Reputation: 5200
I have an S3 bucket that I'm saving CSV files for loading them into Redshift. I'm using Python and Boto3 for this. After loading them into Redshift I want to delete specific files that match a pattern that contains the processing ID for my code.
I'm saving my files into S3 bucket as follows
Redshift{processingID}-table1.csv
Redshift{processingID}-table2.csv
Redshift{processingID}-table3.csv
Redshift{processingID}-table4.csv
After processing those files that contains specific ID, I want to delete the processed files from my S3 bucket. How do I specify the pattern.

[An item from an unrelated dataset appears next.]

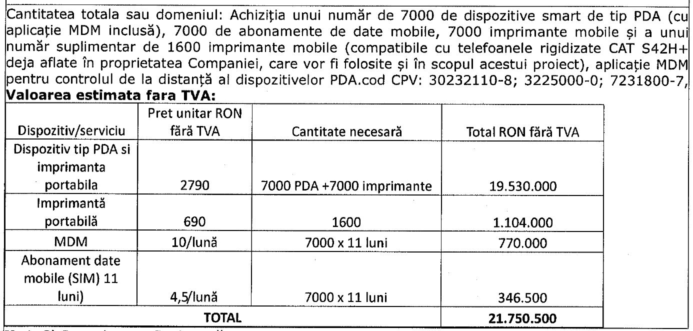 - În acest context, la nivelul companiei este necesară achiziția celor 7.000 de dispozitive ridigizate cu sistem Android și capabilități de scanare coduri de bare, aplicație MDM pentru administrarea dispozitivelor de la distanță, 7.000 de imprimante portabile și date mobile pentru cele 7.000 de dispozitive, distribuirea lor către personalul companiei și efectuarea unui training pentru utilizarea dispozitivelor și a aplicației.

This is the pattern that I'm trying to delete the files from bucket.
Redshift11-*.csv
. Here 11 is the processingID. How do I delete all the files that matches the pattern using boto3?
I've come across this. https://stackoverflow.com/a/53836093/4626254
But it seems like it is searching for the folder as prefix and not the exact pattern of the file.
Upvotes: 1
Views: 4606
Reputation: 1
There's no way to tell S3 to delete files that meet a specific pattern - you just have to delete one file at a time. You can list keys with a specific prefix
ex: Redshift
or application_name_used_as_prefix
) by modifying your file naming to have a unique prefix.
Or if you need to rely on regex, then you must specify start and end rules like:
import re
pattern = r"Redshift([0-9]+)-(\w+).csv$"
re.match(pattern, 'Redshift2-table1.csv')
Hope this helps!
Upvotes: 0
Reputation: 78850
You can do prefix filtering server-side but you'll have to do suffix-filtering client-side. For example:
import boto3
s3 = boto3.resource('s3')
bucket = s3.Bucket('mybucket')
files = [os.key for os in bucket.objects.filter(Prefix="myfolder/Redshift11-")]
csv_files = [file for file in files if file.endswith('.csv')]
print(f'All files: {files}')
print(f'CSV files: {csv_files}')
Upvotes: 4